## [About this exercise]
Where a picture appears, skip it; print everything else in the records exactly as it stands.

# # # # #

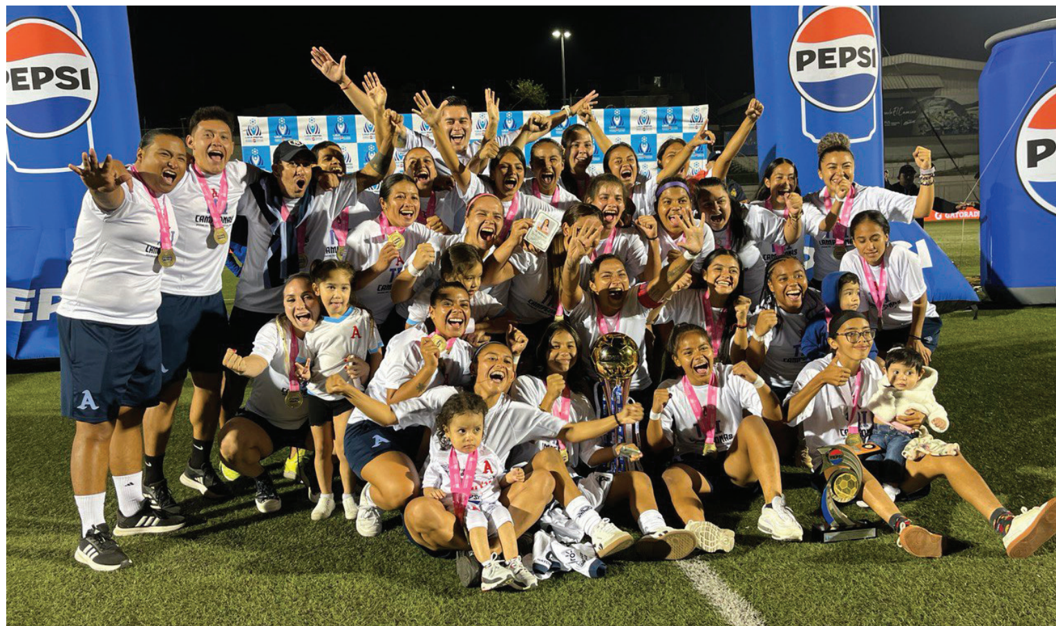
Alianza levanta la copa del Apertura 2024 tras vencer 2-0 a Municipal Limeño en Las Delicias.
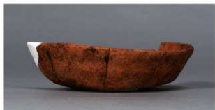
3 第75号住居跡 (第305図52)
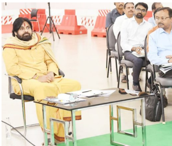
ఆలయానికి రానున్నారని. వారాహి దీక్షలో ఉన్న పవన్.. కొండగట్టు ఆంజనేయ దర్శించుకుని ప్రత్యేక పూజలు చేయనున్నారు. ఏపీ డిప్యూటీ సీఎం బాధ్యతలు చేపట్టాక తాలిసారి కొండగట్టుకు వస్తున్న పవన్ కల్యాణ్ కు జనసేన కార్యకర్తలు ఘన స్వాగతం పలికేందుకు ఏర్పాట్లు చేసుకుంటున్నారు. ప్రస్తుతం పవన్ కల్యాణ్ వారాహి దీక్షలో ఉన్న విషయం తెలిసింది. 11 రోజుల పాటు కొనసాగుతున్న ఈ దీక్షలో భాగంగా పవన్ కేవలం పండ్లు, పాలు మాత్రమే ఆహారంగా స్వీకరిస్తున్నారు.

అమరావతి జూన్ 26, ప్రజావినికిడి : గడిచిన ఐదేళ్లలో కేంద్ర ప్రభుత్వం విడుదల చేసిన రూ.1,066 కోట్లు ఏమయ్యాయని ఏపీ ఉపముఖ్యమంత్రి పవన్ కల్యాణ్ ప్రశ్నించారు. ఆయన బుధవారం స్వచ్ఛాంద్ర కార్పొరేషన్ పై సమీక్ష నిర్వహించారు. ఈ సమావేశానికి ఉన్నతాధికారులు, ఇంజనీర్లు హాజరయ్యారు. కార్పొరేషన్ పనితీరుపై ఉపముఖ్యమంత్రికి అధికారులు పవన్ పాయింట్ ప్రజెంటేషన్ ఇచ్చారు. అనంతరం, ఆయన స్వచ్ఛాంద్ర కేంద్రం నుంచి వచ్చిన నిధులు, ఖర్చుల వివరాలపై ఆరా తీశారు. అయిదేళ్లలో కేంద్రం నుంచి వెయ్యి కోట్లకు పైగా వచ్చినట్లు గుర్తించారు. ఈ నిధులు ఎక్కడకు పోయాయని అధికారులను ప్రశ్నించారు. అయితే నాటి ప్రభుత్వంలోని ఆర్థిక శాఖ కేంద్రం నుంచి వచ్చిన నిధులను స్వచ్ఛాంద్రకు విడుదల చేయలేదని అధికారులు పవన్ కల్యాణ్ దృష్టికి తీసుకువచ్చారు ఈ నెల 29న కొండగట్టుకు ఏపీ డిప్యూటీ సీఎం పవన్ కల్యాణ్ ఆంధ్రప్రదేశ్ ఉప ముఖ్యమంత్రి, జనసేన చీఫ్ పవన్ కల్యాణ్ ఈ నెల 29న తెలంగాణలోని కొండగట్టు ఆంజనేయ స్వామి
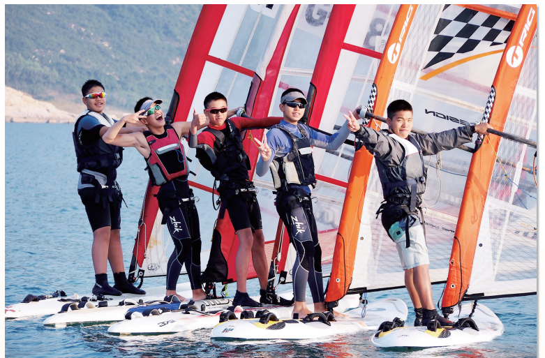
一眾滑浪風帆隊隊員
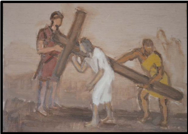
2 ème station : Jésus est chargé de la croix
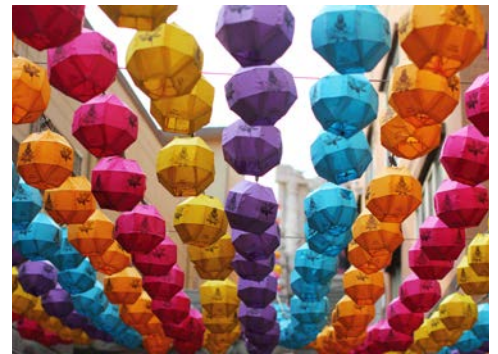
Straßenschmuck in Südkorea

Nach der Ausschiffung Transfer zum Flughafen und Rückflug nach Deutschland.
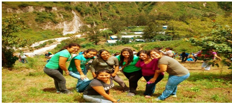
Reforestación de Árboles en San Cristóbal Guatemala
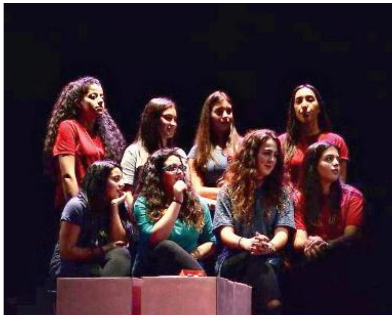
Giovani partecipanti alle iniziative «Teatro & Scuola» di Mimesis

Le sue parole costituiscono la fonte di ispirazione di chi vorrà cimentarsi

# # # # #

## [Reply to the exercise]
Alianza levanta la copa del Apertura 2024 tras vencer 2-0 a Municipal Limeño en Las Delicias.
3 第75号住居跡 (第305図52)
ఆలయానికి రానున్నారని. వారాహి దీక్షలో ఉన్న పవన్.. కొండగట్టు ఆంజనేయ దర్శించుకుని ప్రత్యేక పూజలు చేయనున్నారు. ఏపీ డిప్యూటీ సీఎం బాధ్యతలు చేపట్టాక తాలిసారి కొండగట్టుకు వస్తున్న పవన్ కల్యాణ్ కు జనసేన కార్యకర్తలు ఘన స్వాగతం పలికేందుకు ఏర్పాట్లు చేసుకుంటున్నారు. ప్రస్తుతం పవన్ కల్యాణ్ వారాహి దీక్షలో ఉన్న విషయం తెలిసింది. 11 రోజుల పాటు కొనసాగుతున్న ఈ దీక్షలో భాగంగా పవన్ కేవలం పండ్లు, పాలు మాత్రమే ఆహారంగా స్వీకరిస్తున్నారు.

అమరావతి జూన్ 26, ప్రజావినికిడి : గడిచిన ఐదేళ్లలో కేంద్ర ప్రభుత్వం విడుదల చేసిన రూ.1,066 కోట్లు ఏమయ్యాయని ఏపీ ఉపముఖ్యమంత్రి పవన్ కల్యాణ్ ప్రశ్నించారు. ఆయన బుధవారం స్వచ్ఛాంద్ర కార్పొరేషన్ పై సమీక్ష నిర్వహించారు. ఈ సమావేశానికి ఉన్నతాధికారులు, ఇంజనీర్లు హాజరయ్యారు. కార్పొరేషన్ పనితీరుపై ఉపముఖ్యమంత్రికి అధికారులు పవన్ పాయింట్ ప్రజెంటేషన్ ఇచ్చారు. అనంతరం, ఆయన స్వచ్ఛాంద్ర కేంద్రం నుంచి వచ్చిన నిధులు, ఖర్చుల వివరాలపై ఆరా తీశారు. అయిదేళ్లలో కేంద్రం నుంచి వెయ్యి కోట్లకు పైగా వచ్చినట్లు గుర్తించారు. ఈ నిధులు ఎక్కడకు పోయాయని అధికారులను ప్రశ్నించారు. అయితే నాటి ప్రభుత్వంలోని ఆర్థిక శాఖ కేంద్రం నుంచి వచ్చిన నిధులను స్వచ్ఛాంద్రకు విడుదల చేయలేదని అధికారులు పవన్ కల్యాణ్ దృష్టికి తీసుకువచ్చారు ఈ నెల 29న కొండగట్టుకు ఏపీ డిప్యూటీ సీఎం పవన్ కల్యాణ్ ఆంధ్రప్రదేశ్ ఉప ముఖ్యమంత్రి, జనసేన చీఫ్ పవన్ కల్యాణ్ ఈ నెల 29న తెలంగాణలోని కొండగట్టు ఆంజనేయ స్వామి
一眾滑浪風帆隊隊員
2 ème station : Jésus est chargé de la croix
Straßenschmuck in Südkorea

Nach der Ausschiffung Transfer zum Flughafen und Rückflug nach Deutschland.
Reforestación de Árboles en San Cristóbal Guatemala
Giovani partecipanti alle iniziative «Teatro & Scuola» di Mimesis

Le sue parole costituiscono la fonte di ispirazione di chi vorrà cimentarsi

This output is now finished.